Summary judgment may be granted only when there is no genuine issue of material fact and the moving party is entitled to judgment as a matter of law. Fed. R.Civ.P. 56; Celotex Corp. v. Catrett, 477 U.S. 317, 322, 106 S.Ct. 2548, 91 L.Ed.2d 265 (1986). An issue of material fact is genuine if the evidence is such that a reasonable jury could return a verdict for the non-moving party. Anderson v. Liberty Lobby, Inc., 477 U.S. 242, 248, 106 S.Ct. 2505, 91 L.Ed.2d 202 (1986). In deciding a motion for summary judgment, a Court must construe the facts and inferences in a light most favorable to the non-moving party. Matsushita Elec. Indus. Co. v. Zenith Radio Corp., 475 U.S. 574, 587, 106 S.Ct. 1348, 89 L.Ed.2d 538 (1986). However, only disputes over those facts "that might affect the outcome of the suit under the governing law will properly preclude the entry of summary judgment." Anderson, 477 U.S. at 248, 106 S.Ct. 2505. Once the moving party has carried its initial burden of demonstrating the absence of a genuine issue of material fact, "its opponent must do more than simply show that there is some metaphysical doubt as to the material facts." Matsushita, 475 U.S. at 586, 106 S.Ct. 1348. No issue for trial exists unless the nonmoving party can adduce sufficient evidence favoring it such that a reasonable jury could return a verdict in that party's favor. Anderson, 477 U.S. at 249, 106 S.Ct. 2505.

DISCUSSION

A. Breach of Fiduciary Duties for Insufficient Notice of Termination of Benefits

Plaintiffs assert a breach of fiduciary duty claim against the Defendant Benefit Fund in Count Two of the Fourth Amended Complaint. In particular, according to Plaintiffs, it was the duty of the Fund to notify Plaintiffs of the failure of United Hospital to make its monthly contributions prior to terminating Plaintiffs' health benefits. The Fund's failure to provide notice constitutes a breach of the Fund's fiduciary duty to its members.

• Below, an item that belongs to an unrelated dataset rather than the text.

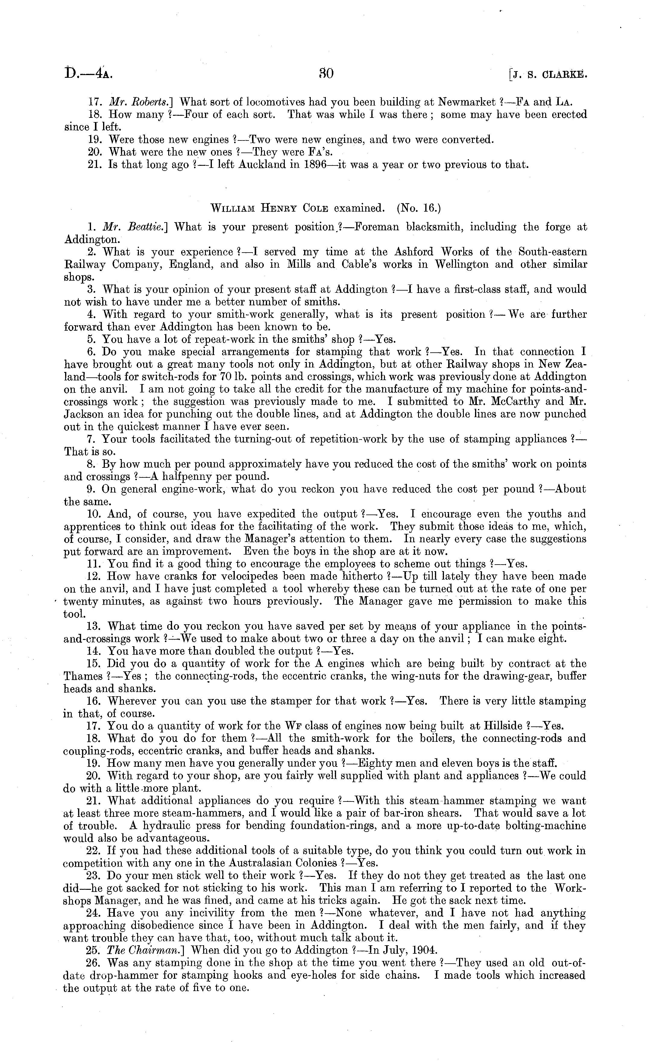 17. Mr. Roberts.] What sort of locomotives had you been building at Newmarket ?—Fα and Lα. 18. How many ? —Four of each sort. That was while I was there ; some may have been erected since I left. 19. Were those new engines ? —Two were new engines, and two were converted. 20. What were the new ones ?—They were Fa's. 21. Is that long ago ?—I left Auckland in 1896—it was a year or two previous to that. William Henry Cole examined. (No. 16.) 1. Mr. Beattie.~\ What is your present position,?— Foreman blacksmith, including the forge at Addington. 2. What is your experience ?—I served my time at the Ashford Works of the South-eastern Railway Company, England, and also in Mills and Cable's works in Wellington and other similar shops. 3. What is your opinion of your present staff at Addington % —I have a first-class staff, and would not wish to have under me a better number of smiths. 4. With regard to your smith-work generally, what is its present position?—We are further forward than ever Addington has been known to be. 5. You have a lot of repeat-work in the smiths' shop ?—Yea. 6. Do you make special arrangements for stamping that work ?—Yes. In that connection I have brought out a great many tools not only in Addington, but at other Railway shops in New Zealand —tools for switch-rods for 70 lb. points and crossings, which work was previously done at Addington on the anvil. lam not going to take all the credit for the manufacture of my machine for points-and-crossings work ; the suggestion was previously made to me. I submitted to Mr. McCarthy and Mr. Jackson an idea for punching out the double lines, and at Addington the double lines are now punched out in the quickest manner I have ever seen. 7. Your tools facilitated the turning-out of repetition-work by the use of stamping appliances ?— That is so. 8. By how much per pound approximately have you reduced the cost of the smiths' work on points and crossings ? —A halfpenny per pound. 9. On general engine-work, what do you reckon you have reduced the cost per pound ?—About the same. 10. And, of course, you have expedited the output ?—Yes. I encourage even the youths and apprentices to think out ideas for the facilitating of the work. They submit those ideas to me, which, of course, I consider, and draw the Manager's attention to them. In nearly every case the suggestions put forward are an improvement. Even the boys in the shop are at it now. 11. You find it a good thing to encourage the employees to scheme out things ?—Yes. 12. How have cranks for velocipedes been made hitherto ? —Up till lately they have been made on the anvil, and I have just completed a tool whereby these can be turned out at the rate of one per twenty minutes, as against two hours previously. The Manager gave me permission to make this tool. 13. What time do you reckon you have saved per set by means of your appliance in the points-and-crossings work ?—We used to make about two or three a day on the anvil; I can make eight. 14. You have more than doubled the output ? —Yes. 15. Did you do a quantity of work for the A engines which are being built by contract at the Thames ?—Yes ; the connecting-rods, the eccentric cranks, the wing-nuts for the drawing-gear, buffer heads and shanks. 16. Wherever you can you use the stamper for that work ?—Yes. There is very little stamping in that, of course. 17. You do a quantity of work for the Wγ class of engines now being built at Hillside ?—Yes. 18. What do you do for them ? —All the smith-work for the boilers, the connecting-rods and coupling-rods, eccentric cranks, and buffer heads and shanks. 19. How many men have you generally under you ? —Eighty men and eleven boys is the staff. 20. With regard to your shop, are you fairly well supplied with plant and appliances ?—We could do with a little more plant. 21. What additional appliances do you require ?—With this steam hammer stamping we want at least three more steam-hammers, and I would like a pair of bar-iron shears. That would save a lot of trouble. A hydraulic press for bending foundation-rings, and a more up-to-date bolting-machine would also be advantageous. 22. If you had these additional tools of a suitable type, do you think you could turn out work in competition with any one in the Australasian Colonies ?—Yes. 23. Do your men stick well to their work ?—Yes. If they do not they get treated as the last one did—he got sacked for not sticking to his work. This man lam referring to I reported to the Workshops Manager, and he was fined, and came at his tricks again. He got the sack next time. 24. Have you any incivility from the men ?—None whatever, and I have not had anything approaching disobedience since I have been in Addington. I deal with the men fairly, and if they want trouble they can have that, too, without much talk about it. 25. The Chairman.] When did you go to Addington ?—ln July, 1904. 26. Was any stamping done in the shop at the time you went there ?—They used an old out-of-date drop-hammer for stamping hooks and eye-holes for side chains. I made tools which increased the output at the rate of five to one.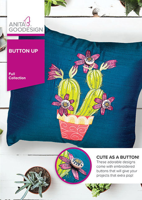 Have you always wanted to add decorative buttons to a jacket, hat or pillow, but couldn’t find the one you wanted? Anita has your solution with the Button Up collection. There are 22 different button designs in several different themes. Flowers, berries, waves, and so many more great looking button designs will make you want to put them on everything!

The Defendant Fund argues that it complied with its fiduciary duties by promptly submitting the matter of the delinquent contributions to arbitration and receiving an award. Accordingly, the Fund owed no additional obligations to the Plaintiffs with respect to the employer's delinquencies. See Defendants' Brief, dated September 13, 1999, at pp. 5-6. The Court recognizes that in addition to submitting the matter to arbitration, the Fund pursued the delinquent *347 contributions against United Hospital in the bankruptcy court.